OGH 28.6.2016, 8 ObA 37/16y

Einvernehmliche Auflösung ohne Bedenkzeit

1.) Sachverhalt: Aufgrund eines grippalen Infekts befand sich die bei der Gemeinde OÖ beschäftigte Kindergärtnerin 2 Wochen lang im Krankenstand. Während dieses Krankenstands hielt die Klägerin jedoch am Mittwoch der zweiten Woche einen Malkurs mit sechs Kindern und vier Erwachsenen bei ihr zu Hause ab. Am darauffolgenden Montag trat sie ihren Dienst wieder an. Vor Entlassungsausspruch wird das Dienstverhältnis einvernehmlich gelöst, ohne der Kindergärtnerin ausreichende Bedenkzeit zu gewähren.
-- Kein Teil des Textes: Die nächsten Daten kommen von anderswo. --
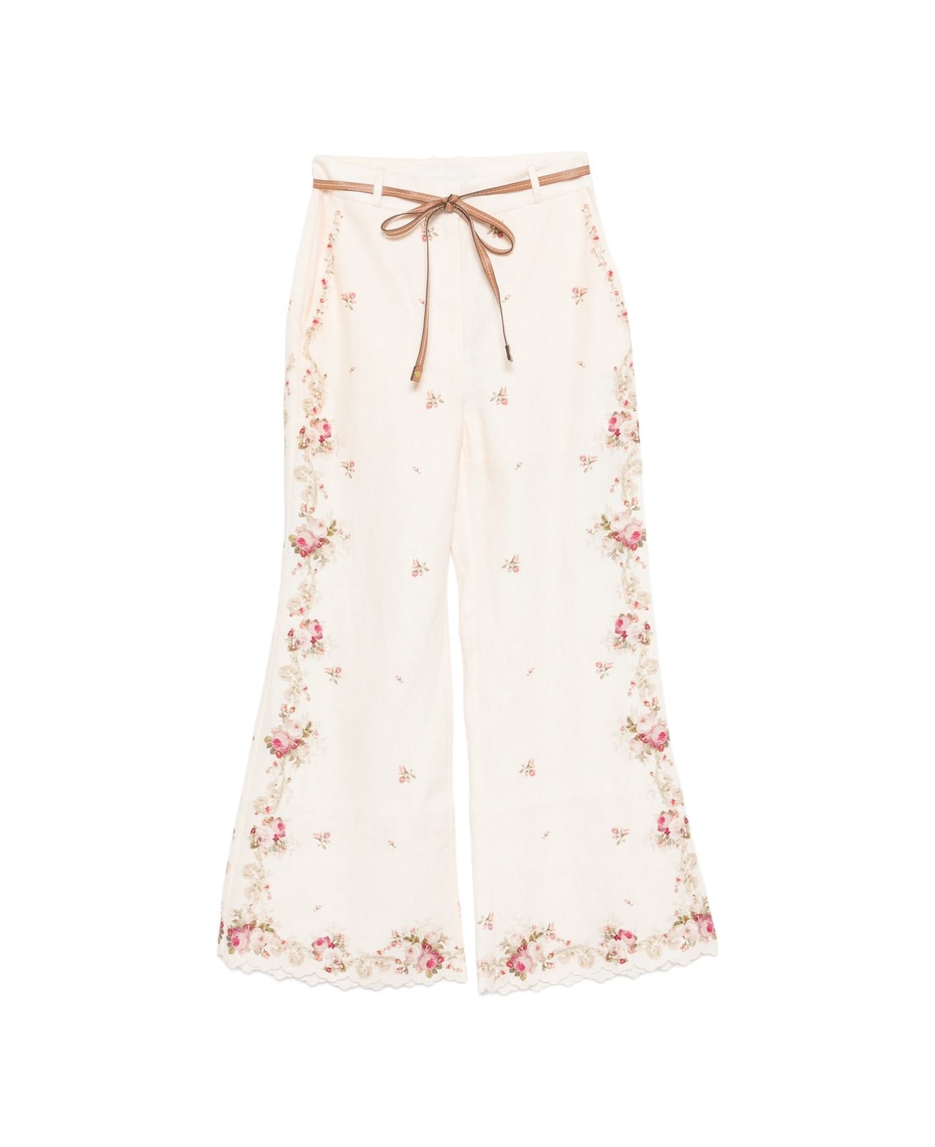 cream floral print embroidered detailing belt scalloped hem

Der Klägerin wurde die von ihr gewünschte Bedenkzeit (von 1 Tag) nicht eingeräumt. Die mögliche gesundheitliche Beeinträchtigung durch die Malkurse wurden vom Dienstgeber nicht aufgeklärt.
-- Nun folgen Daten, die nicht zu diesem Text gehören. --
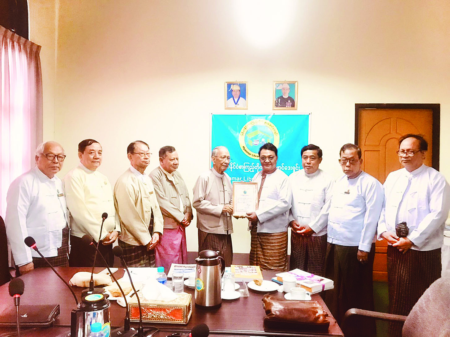 ထို့နောက် သတင်းမီဒီယာကောင်စီဥက္ကဋ္ဌ ဦးအုန်းမောင် (မြင်းမူမောင်နိုင်မိုး) က စာအုပ်များလှူဒါန်းရခြင်းရည်ရွယ်ချက်ကို ရှင်းလင်းပြောကြားပြီး စာအုပ်များပေးအပ်လှူဒါန်းရာ မြန်မာနိုင်ငံ စာကြည့်တိုက်များဖောင်ဒေးရှင်းဥက္ကဋ္ဌ ဦးညွန့်ဆွေကလက်ခံရယူပြီး ကျေးဇူးတင်စကားပြောကြား၍ ဂုဏ်ပြုမှတ်တမ်းလွှာ ပြန်လည်ပေးအပ်သည်။

2.) Entscheidungsbegründung: Diese Auflösung sei nach Ansicht des OGH unter unzulässigem Druck erfolgt, weil die erwünschte Bedenkzeit „ohne sachlichen Grund“ nicht eingeräumt worden sei und die Entlassungsgründe (gesundheitliche Beeinträchtigung durch die Malkurse) nicht „geprüft“ worden seien. Schließt der Dienstnehmer unter dem Eindruck der Ankündigung des Dienstgebers, ihn zu entlassen, eine Auflösungsvereinbarung, so kommt es in dieser Hinsicht darauf an, ob für den Dienstgeber zum Zeitpunkt der Androhung der Entlassung plausibel und objektiv ausreichende Gründe für deren Ausspruch gegeben waren. Entscheidend ist, ob der Dienstgeber den Dienstnehmer zu einer einvernehmlichen Auflösung drängen will, weil er von seiner Rechtsposition nicht überzeugt ist (vgl RIS-Justiz RS0014878). Dazu kommt die Obliegenheit des Dienstgebers, vor dem Ausspruch der Entlassung zu prüfen, ob sich der Dienstnehmer tatsächlich eines pflichtwidrigen Verhaltens schuldig gemacht hat. Dementsprechend hat er zumindest zu versuchen, den Sachverhalt unter Beiziehung des Dienstnehmers aufzuklären. Die gesundheitliche Beeinträchtigung aufgrund der beiden Malkurse sei von der Dienstgeberin nicht geprüft worden.

Anmerkung: diese Entscheidung ist ausgehend von der bisherigen Rsp des OGH nicht nachzuvollziehen, weil die im Fall der Entlassung zwecks Beseitigung des für beide Seiten bestehenden Beweisrisikos geschlossene Auflösungsvereinbarung nach stRsp regelmäßig nicht unter Druck erfolgt (vgl etwa OGH 9 ObA 158/08p).